My point of contact at the network asked for a bullet pointed list, like last time, of the various things that I think might be important for the next few days or so.
- Terrorism is back on the table. Capital markets have shown they now understand single strike, non nuclear attacks. Markets don't fear the known they fear the unknown. While it is sad that these attacks occur and it is sad that we are getting used to them it is clear that the types of attacks we have had do not threaten capital markets. I wrote many months ago that markets would bounce back faster to the trend that existed with each subsequent attack and so I did a little buying the morning of the attacks.
- The way to have a little protection against escalated terror for a diversified portfolio is by owning a defense stock or two, have exposure to gold and investing in foreign countries.
- Oil had a confusing close to the week but still remains quite high and poses threats to the consumer and to corporations. No one should be surprised if companies blame energy costs for missing earnings.

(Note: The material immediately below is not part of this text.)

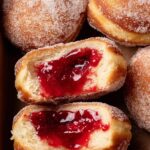 Delicious homemade jelly-filled donuts with a soft, fluffy texture created using the tangzhong method. These classic American-style donuts are fried to golden perfection, then coated in sugar and filled with raspberry jelly for a sweet, satisfying treat perfect for breakfast or brunch.

- US stock markets have been less volatile than historical norms but currencies, commodities and bonds have been far more interesting and volatile in the last few months or so. This might become more relevant in the coming months. Trying to look ahead, I would start to think about a commodity bull market having more legs to it and I would also start to think about the US market evolving into a slower growth market which will make certain foreign markets the place to increase exposure.
- Alcoa had a great earnings report for the first time in many quarters. Estimates call for the S+P 500 to grow earnings by 7%-8% this quarter, this is down significantly from the past few quarters. This still looms out there as a headwind for the market. I have said I don't think earnings will be a first priority for the market but great reports from General Electric or Intel or other big leaders could prove me wrong and lift the market nicely.
- I still think the Fed is the most important thing right now in terms of where they decide to stop raising rates. My last time on the show I said I thought they would figure out how to transition in such a way as to minimize shocks to the market. While there was not much disruption from the June meeting I was disappointed that we didn't learn anymore about the Fed than we knew before the June meeting.
- The jobs report took a back seat last week because of the UK bombings. The headline number was bad and the revisions were good. More importantly, I think next month's jobs report will be distorted by the hurricanes, hopefully the market digests this possibility before the report comes out.





2 comments:
you mention increasing exposure to "certain foreign markets". I assume that you mean Places like New Zealand, Australia, Norway, etc---continuing a theme that you have been advocating for a while. If that assumption is correct, are there any ETF's that you recommend we consider. I can't find a single EFT that covers those markets. Thanks.
Yes I am referring the markets you cite along with Ireland and emerging markets.
There is an ETF for Australia(EWA) which I own personally. There are no ETFs for NZ, Norway, Ireland and so on the trade in the US.
All the countries have ETFs that trade locally in those countries. I have not explored if it is possbile for a US citizen to buy these ETFs or not. I tend to prefer ADRs where available, due to better yields.
I do use emerging market ETFs for clients depending on tolerance for volatility. Hope that helps.